A bevy of city, state and public finance advocates is urging the U.S. Supreme Court to take up a case challenging the subjection of Build America Bond subsidies to federal budget sequestration.

The amicus brief, filed by groups including the Government Finance Officers Association, the National Association of Bond Lawyers, the National League of Cities and the American Public Transportation Association, argues that allowing the BABs decision to stand would have “grave ramifications” for federalism and “significant and adverse practical consequences” for states and local government finances.

“It’s frustrating that this has to go through the courts,” said John Godfrey, senior director of government relations for the American Public Power Association, which is filing its own amicus brief in the case. “I think we have a strong legal case and the bottom line is, if we prevail in court, all the money stays in the communities and it’s the communities where the bonds were issued that will benefit.”
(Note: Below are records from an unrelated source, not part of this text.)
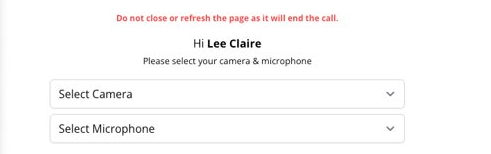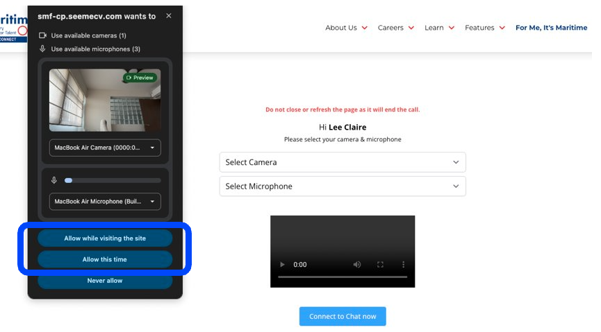 - If this is your first time on this page, you may see a pop-up requesting access to your camera and microphone. Click Allow for both camera and microphone permissions.
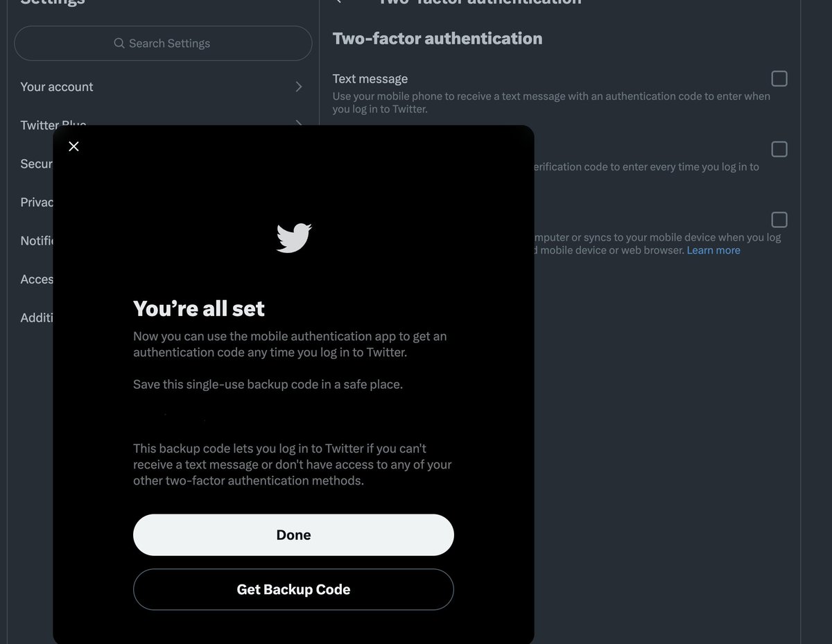 No Twitter Blue subscription is needed, and you got a way safer alternative to text-based 2FA.
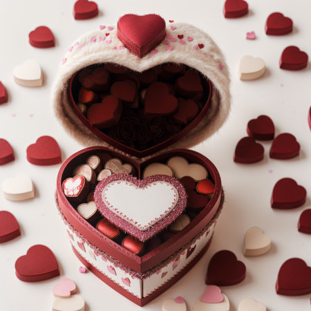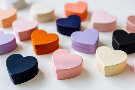 Vibrant, pastel-hued gift boxes in heart shapes are artfully arranged on a pristine white surface, evoking warmth and celebration.
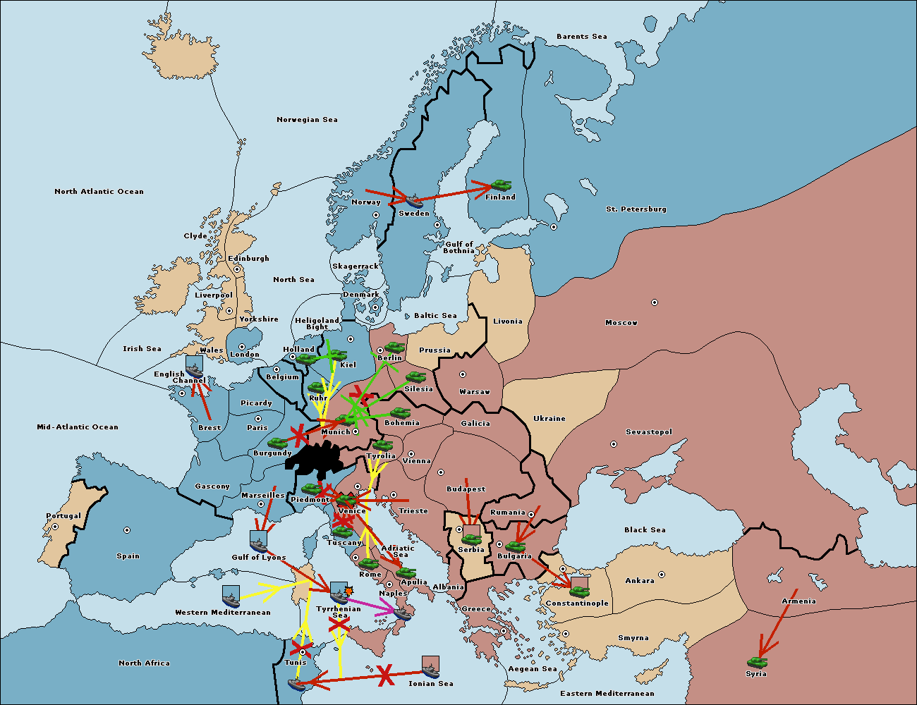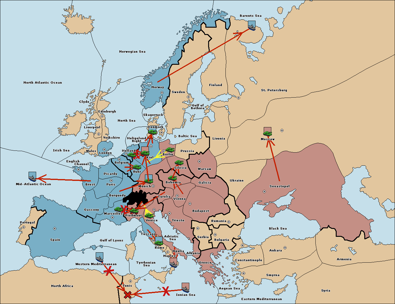 The army at Kiel support move to Munich from Tyrolia.
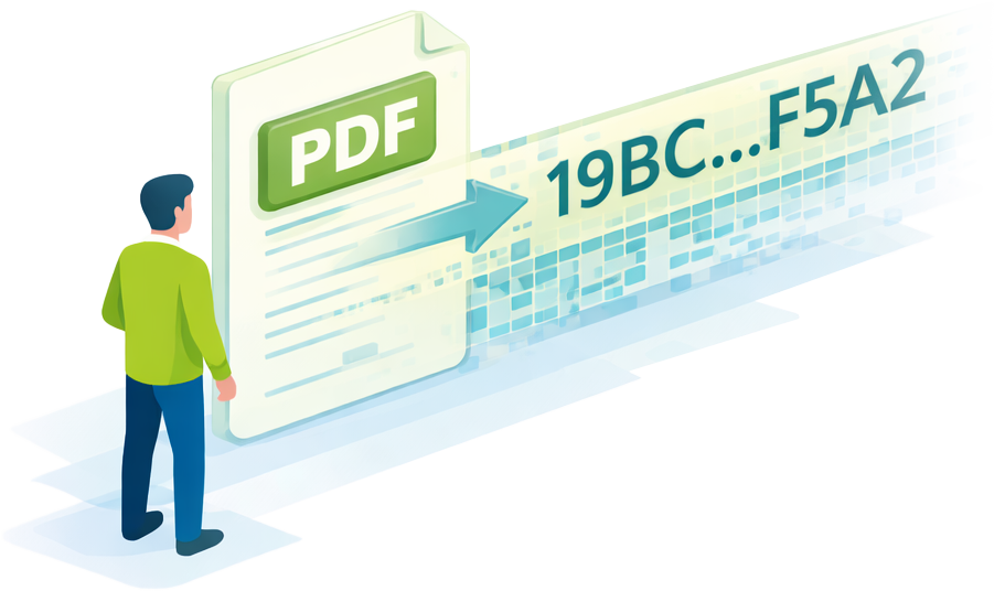 Ein sog. Hashwert wird zu diesem Dokument berechnet. Dazu wird der Algorithmus SHA3-256 verwendet. Bei diesem Wert handelt es sich um eine Zeichenabfolge, die wie ein Fingerabdruck des Dokuments wirkt und sich ändert, sobald eine Änderung am Dokument gemacht wird. Wenn der Hashwert unverändert ist, kann sich auch an dem Dokument und seinem Inhalt nichts geändert haben
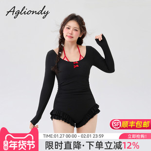 atlanticbeach度假泳衣女款夏连体裙式泡温泉泳装遮肉显瘦高级感
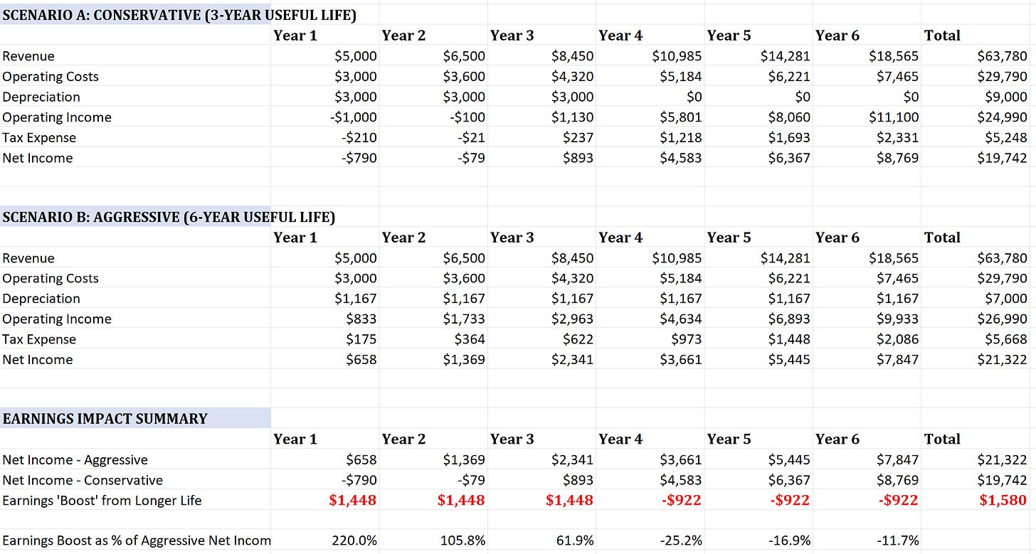 If you depreciate that $40,000 GPU over three years, you recognize roughly ($40,000 / 3 years) ≈ $13,333 in expense annually. Depreciate it over six years, and the annual expense drops to roughly $6,667. Same cash outlay, same equipment, but reported profits are dramatically different.
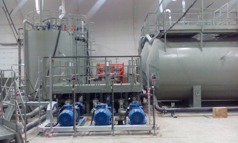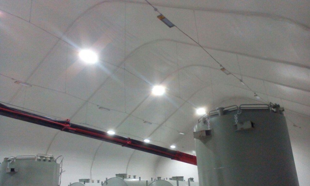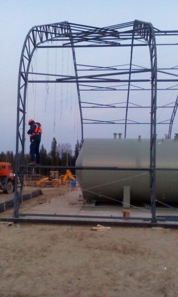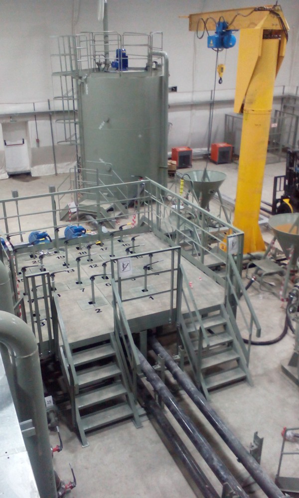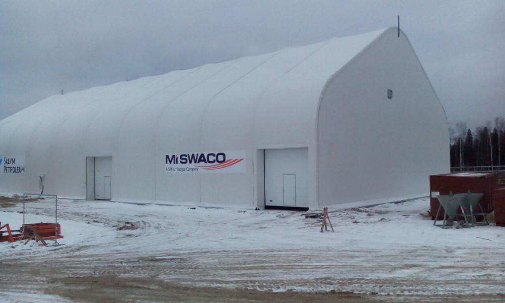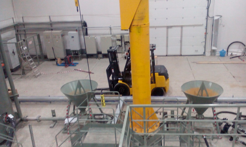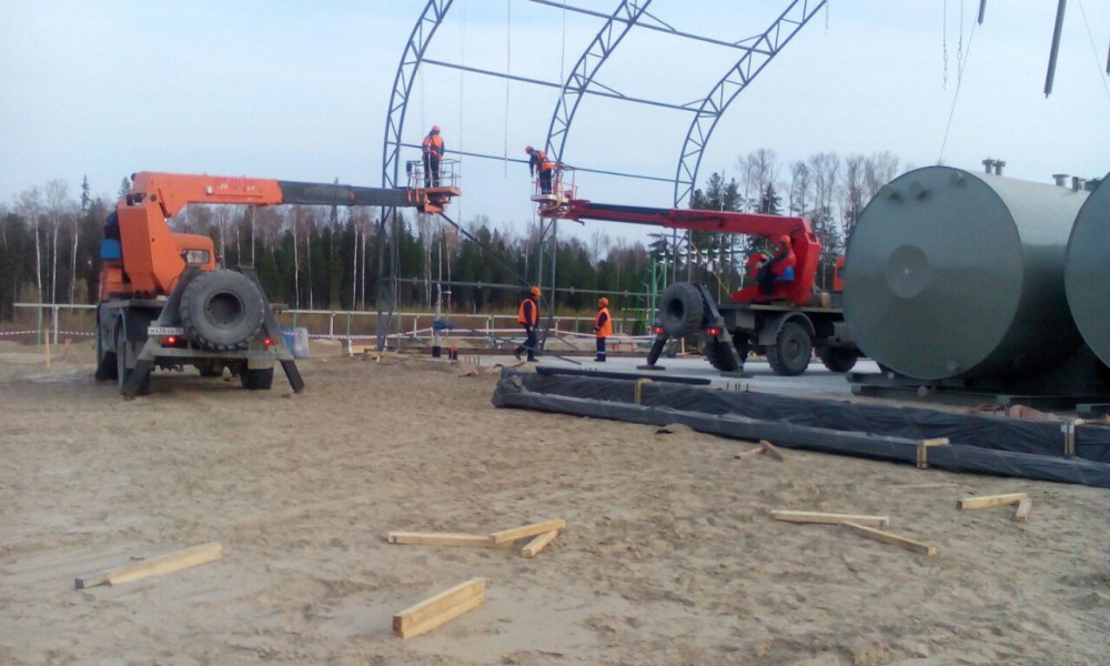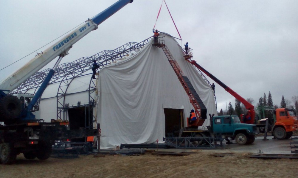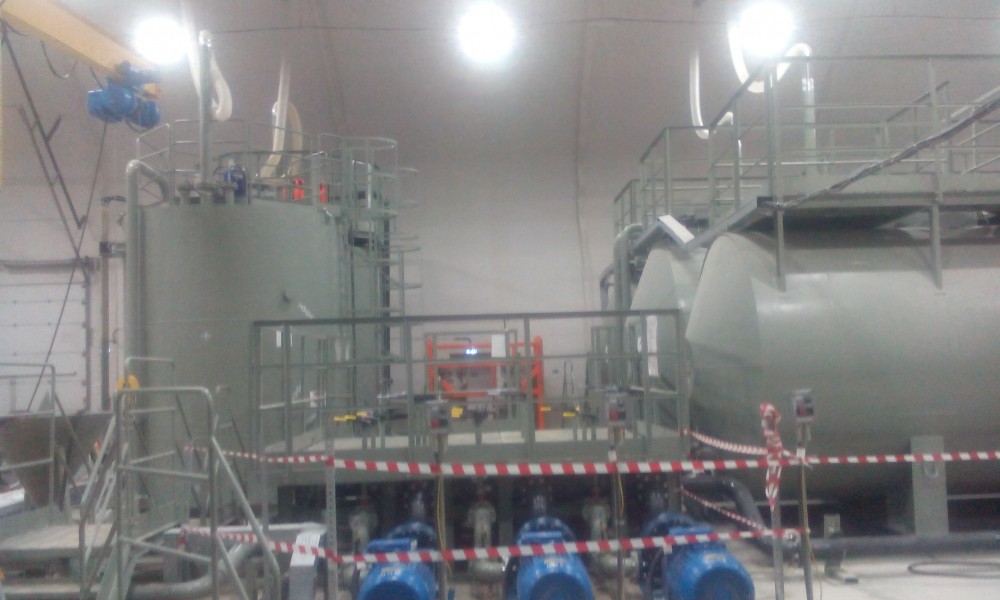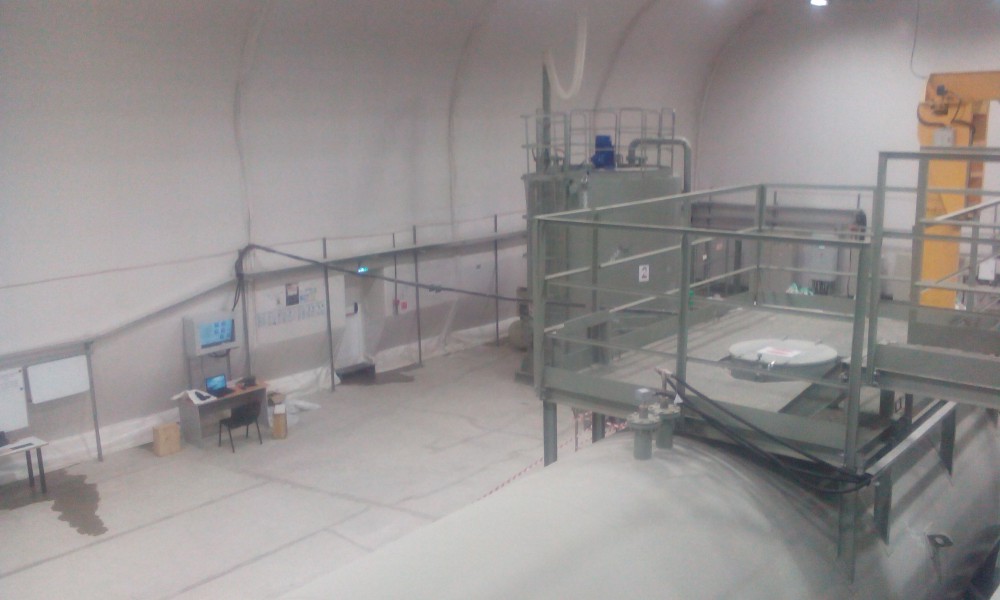 В утепленном каркасно-тентовом ангаре 51х24х13,6м., смонтированном специалистами ООО "ЗТК "Технострой-Сервис", были выполнены строительно-монтажные работы по монтажу, установке и пуско-наладке технологического оборудования для нефтяной компании. Выполнен полный цикл работ "под ключ" от возведения до запуска Завода по производству бурового цементного раствора.
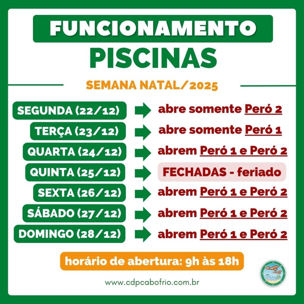 Os dois complexos de PISCINAS estarão fechados no dia de Natal (25/12).
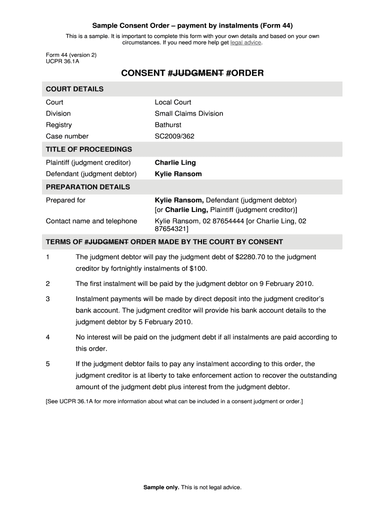 Sample Consent Order payment by installments (Form 44) This is a sample. It is important to complete this form with your own details and based on your own circumstances. If you need more help get
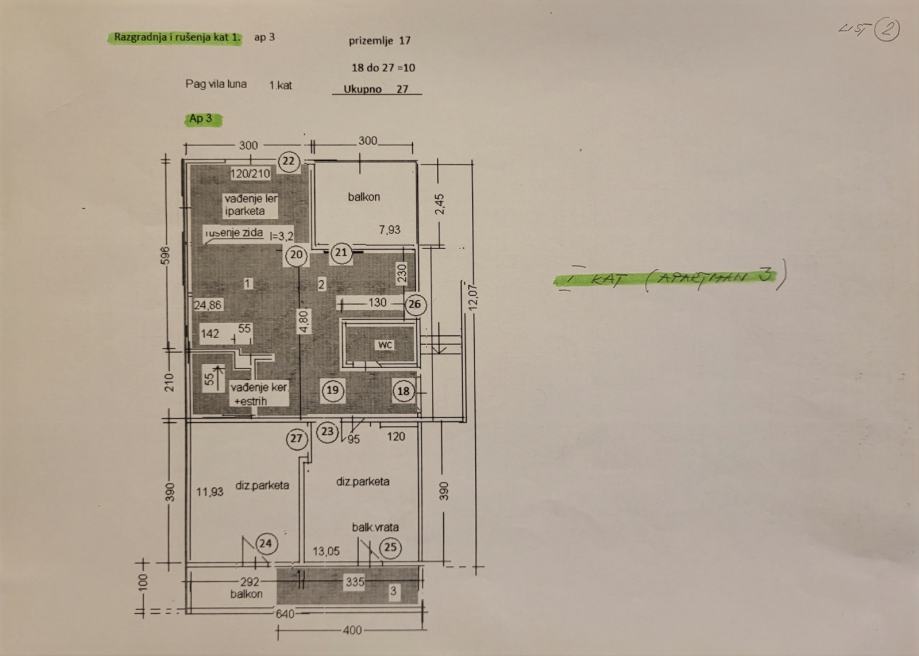 Prvi kat: nalaze ista 2 ista apartmana kao i u prizemlju, 3. i 4..
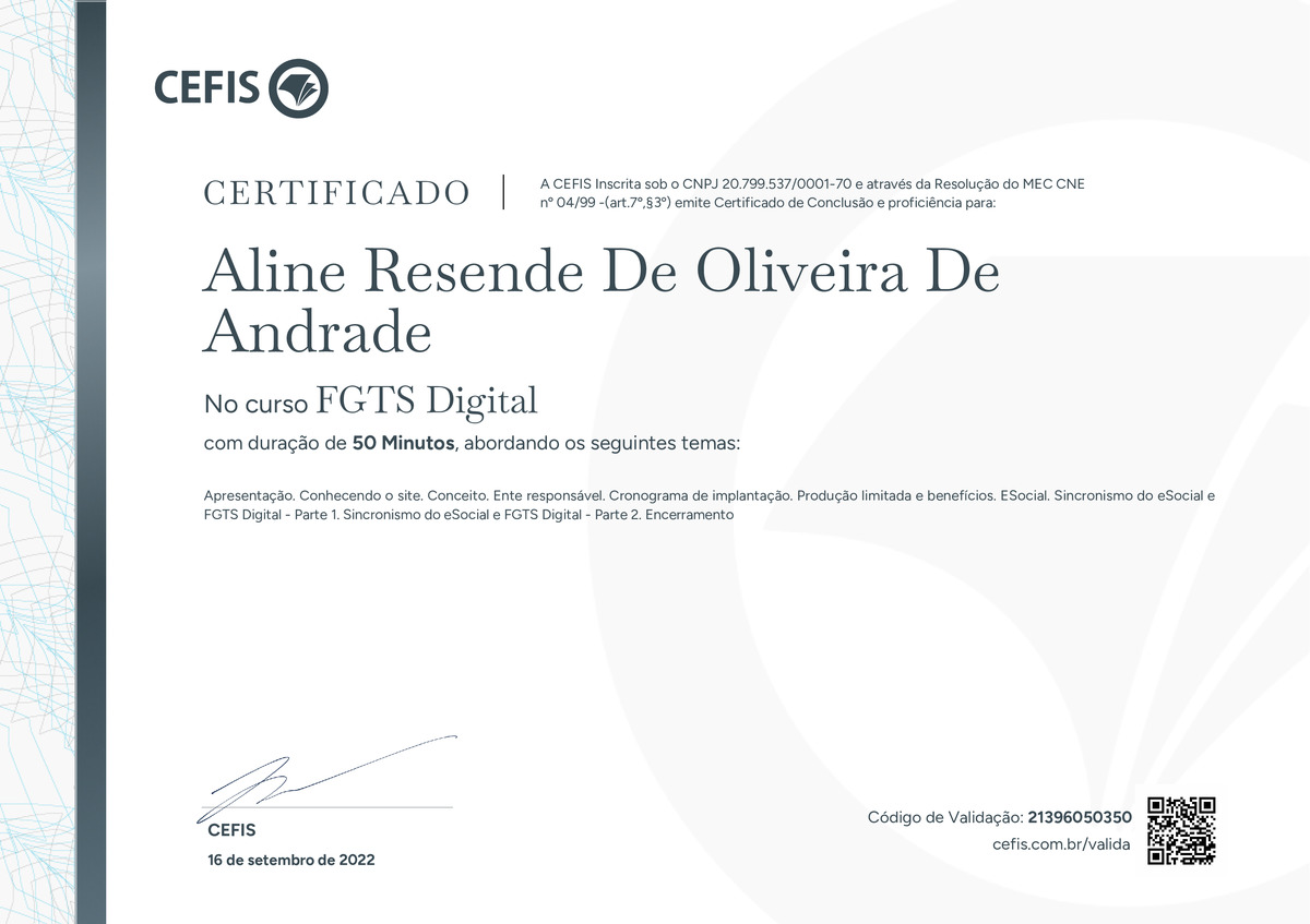 O certificado acima atesta que ALINE RESENDE DE OLIVEIRA DE ANDRADE concluiu com êxito o curso FGTS Digital em 16/09/2022 às 10:09:42, ministrado por JEFFERSON DANTAS.
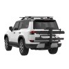 - Folding handle for raising and lowering the rack conveniently located at the end of the rack, not hidden away against the vehicle
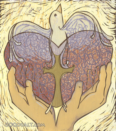 heart, dove, spirit, cross, passion, god's love, into your hands
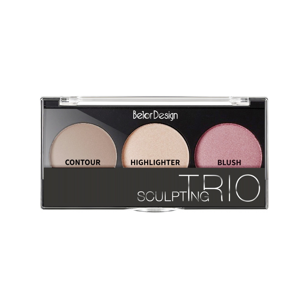Belor Design SCULPTING TRIO №1 — Набор для скульптурирования лица (скульптор, хайлайтер, румяна), 3 в 1, 12 г — универсальная палетка для создания идеального контуринга и свежего макияжа в одном продукте. Три гармонично подобранных оттенка помогают подчеркнуть скулы, освежить цвет лица и добавить деликатное сияние. Сухая текстура легко растушёвывается, не оставляет пятен и обеспечивает аккуратный натуральный результат, подходящий как для дневного, так и для вечернего образа. Оттенок №1 имеет тёплый подтон, идеально подходящий для мягкого естественного макияжа.
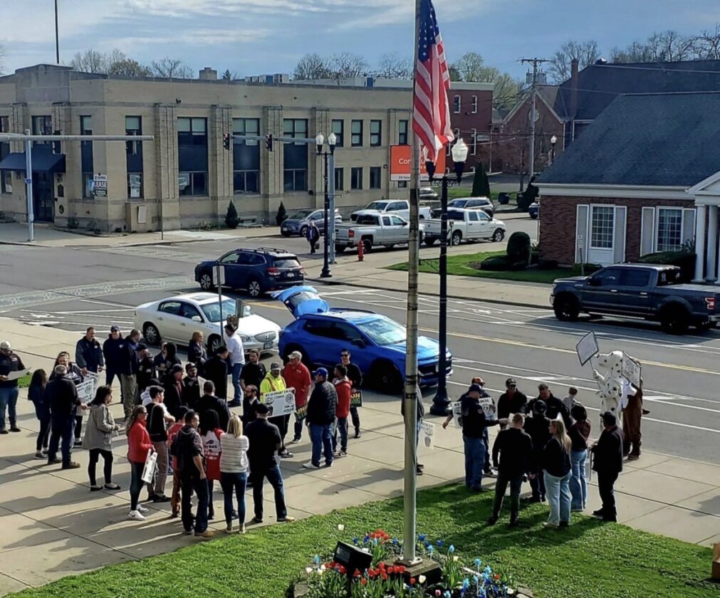 Union members rally Tuesday night outside Dunkirk City Hall. Submitted photo
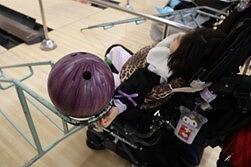 その後はボウリングをしました。ボールを押し、うまく転がると、その行方もよく見て楽しんでいました。

The case stems from a three-year-old lawsuit brought against the United States by six Midwestern public power agencies, led by the Indiana Municipal Power Agency. The agencies, which together had floated $4 billion in direct-pay Build America Bonds before 2011, argued that the federal government’s reductions of the 35% direct-pay subsidies – under Office of Management and Budget’s sequestration calculations – violated the American Recovery and Reinvestment Act and represented a breach of contract. The group was seeking the full 35% subsidy on interest payments from 2013 through 2030.

The Court of Federal Claims sided with the U.S. when it ruled that no statutory claim existed because sequestration applied to the payments and that ARRA did not create a contract.

The agencies appealed to the U.S. Court of Appeals for the Federal Circuit, which on Feb. 17 ruled that the BABs subsidies are subject to federal budget sequestration, and that the public power agencies are not eligible for refunds.

The power agencies on July 13 filed a petition asking SCOTUS to take up the case, saying it arises from a “multi-billion-dollar broken promise by the federal government.” The questions presented are whether a payment obligation imposed by Congress can be reduced without congressional repeal by agencies and whether a statutory provision creates a contractual obligation.

For the issuer groups, the stakes are both constitutional and financial, according to its amicus brief.

“The import of this case extends far beyond the group of public power providers that have sued,” the brief says. “If this court permits the Federal Circuit’s reasoning to stand, it will have adverse long-term implications for state and local governance in the United States.”

Allowing a federal agency like the Internal Revenue Service to interpret generic statutory language “raises constitutional alarm bells,” the issuers argue.

The decision will undermine federal policies and programs that the federal government relies on locals to implement, the issuers said.

“This case is of acute concern not only to the thousands of state and local governmental entities that issued Build America Bonds but to the 40,000 state and local governments in the United States cooperating with the federal government to implement critical programs and deliver essential services.”

The GFOA’s federal liaison Emily Brock notes that SCOTUS opts to review only a small number of the volume of requests it receives.

“That said, GFOA and our fellow Amici have a good feeling about this one due to the variety and expanse of interest here,” Brock said. “Although preemption has been on the docket quite a bit in the last several years, it’s been a while since it’s been in the muni context, so fingers crossed.”